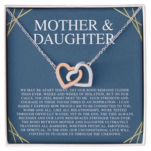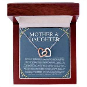 MOTHER & DAUGHTER WE MAY BE APART INTERLOCKING HEARTS NECKLACE
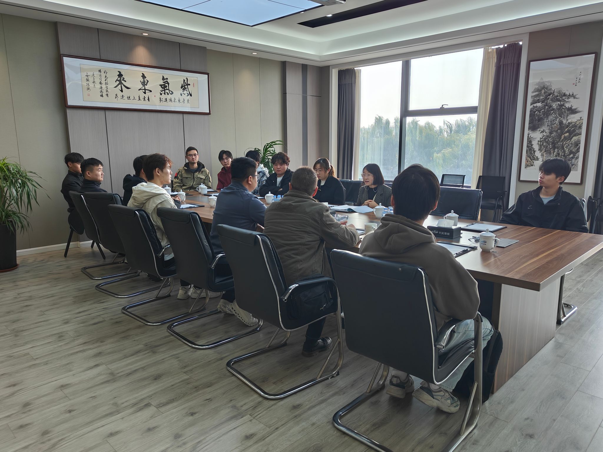 随后,在明光利拓智能科技有限公司会议室,俞教授和电子信息系教师就产教融合实习实训基地建设、科研平台合作等方面开展教研活动交流研讨,希望通过实训基地建设和科研平台合作,增强学生职业技能和实战经验,促进教师与企业技术人员的合作交流。
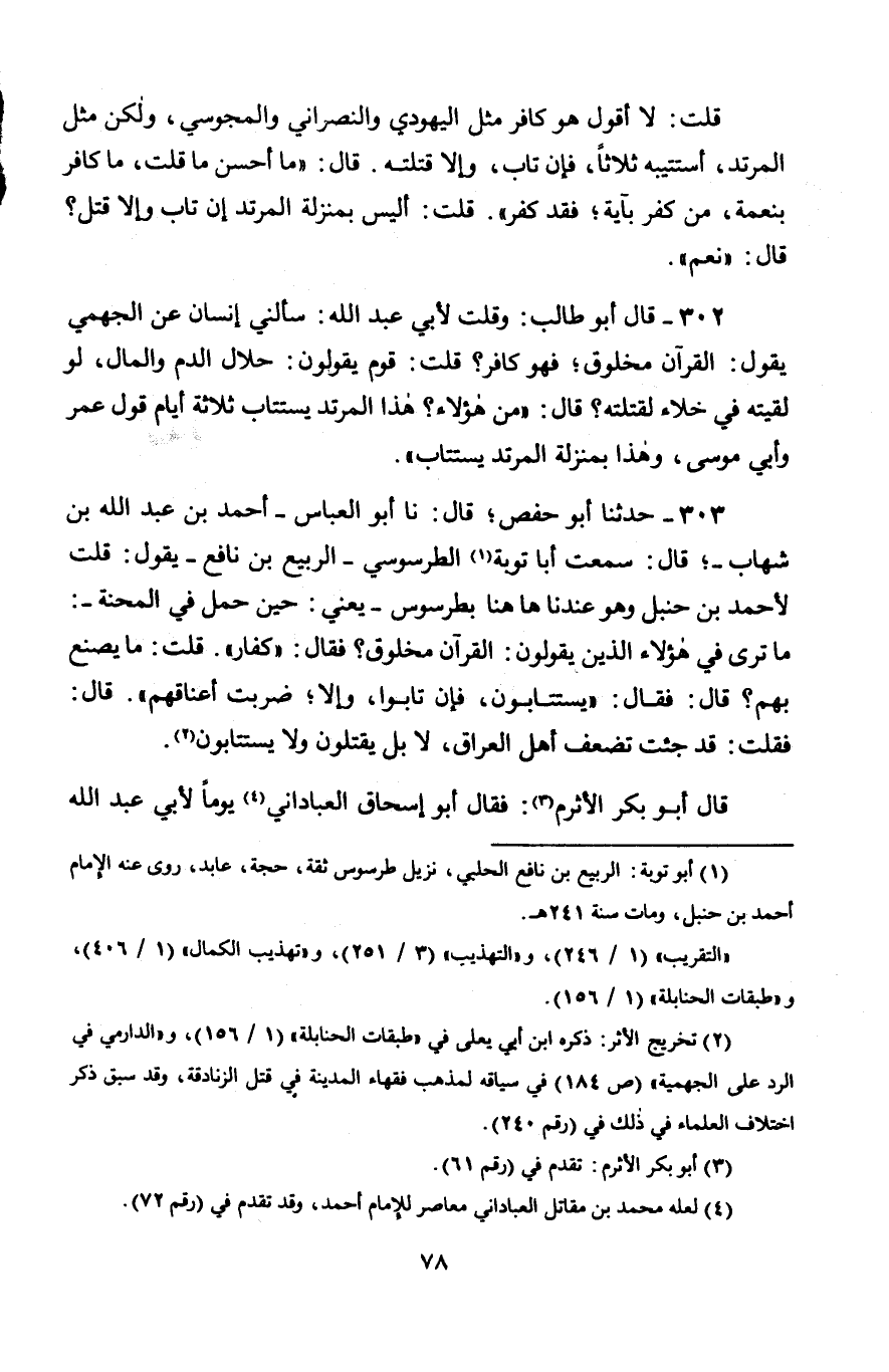302 - قَالَ أَبُو طَالِبٍ: وَقُلْتُ لِأَبِي عَبْدِ اللَّهِ: §سَأَلَنِي إِنْسَانٌ عَنِ الْجَهْمِيِّ يَقُولُ: الْقُرْآنُ مَخْلُوقٌ، فَهُوَ كَافِرٌ؟ قُلْتُ قَوْمٌ يَقُولُونَ: حَلَالُ الدَّمِ وَالْمَالِ، لَوْ لَقِيتَهُ فِي خَلَاءٍ لَقَتَلْتُهُ؟ قَالَ: مَنْ هَؤُلَاءِ؟ هَذَا الْمُرْتَدُّ يُسْتَتَابُ ثَلَاثَةَ أَيَّامٍ، قَوْلُ عُمَرَ وَأَبِي مُوسَى، وَهَذَا بِمَنْزِلَةِ الْمُرْتَدِّ يُسْتَتَابُ "
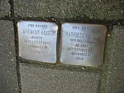 Stolpersteine erinnern in der Duisburger Mainstraße 15 an Abraham Kaiser und Mathilde Kaiser.[3]
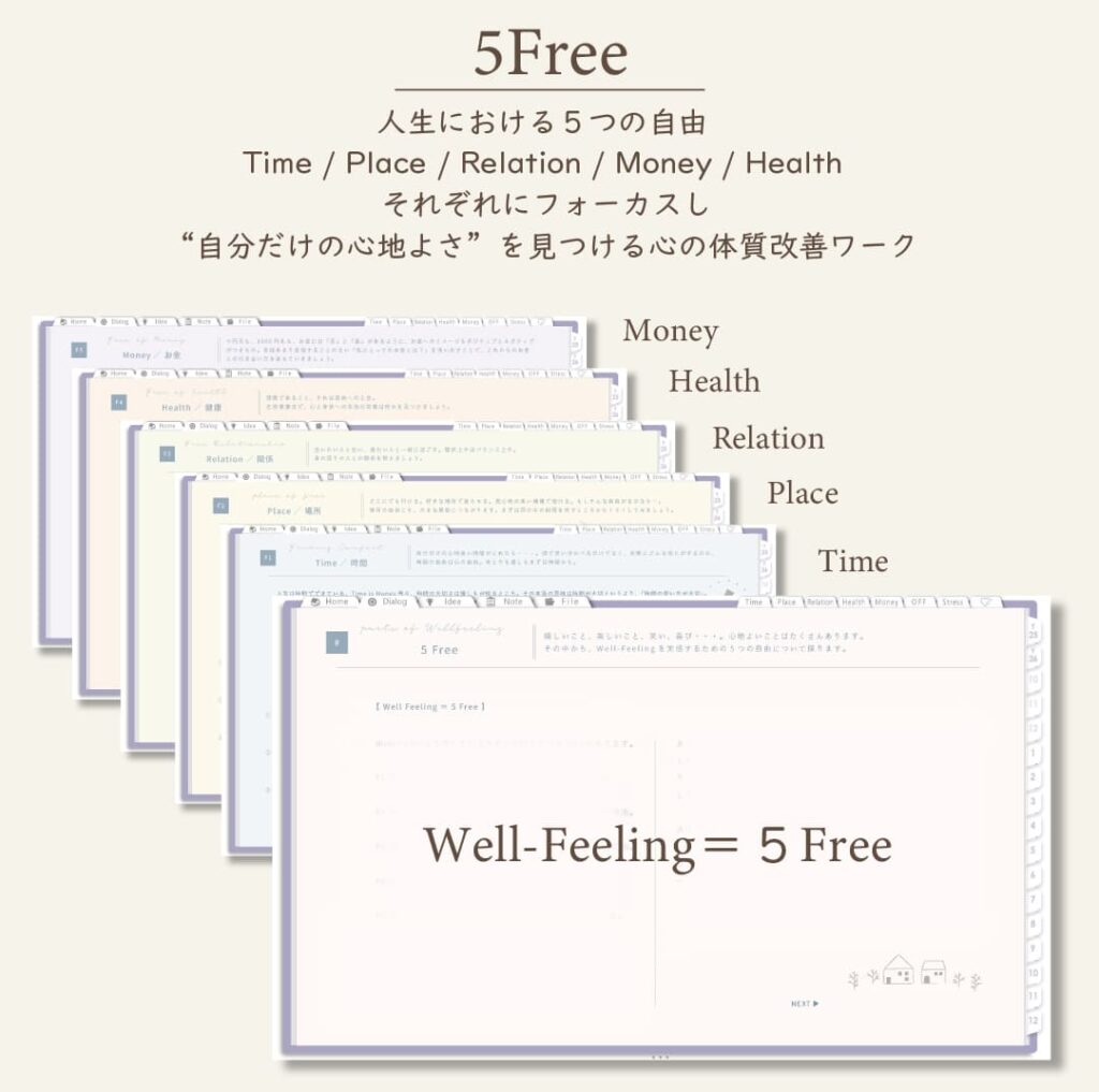 ・5つの自由に向き合う「5Freeワーク」 (Time/Place/Relation/Money/Health)

****

→ **Task**
Once the line with "Stolpersteine erinnern in" is found, output it and every line after it through the end of the listing, exactly, without pictures.

→ **Task response**
 Stolpersteine erinnern in der Duisburger Mainstraße 15 an Abraham Kaiser und Mathilde Kaiser.[3]
 ・5つの自由に向き合う「5Freeワーク」 (Time/Place/Relation/Money/Health)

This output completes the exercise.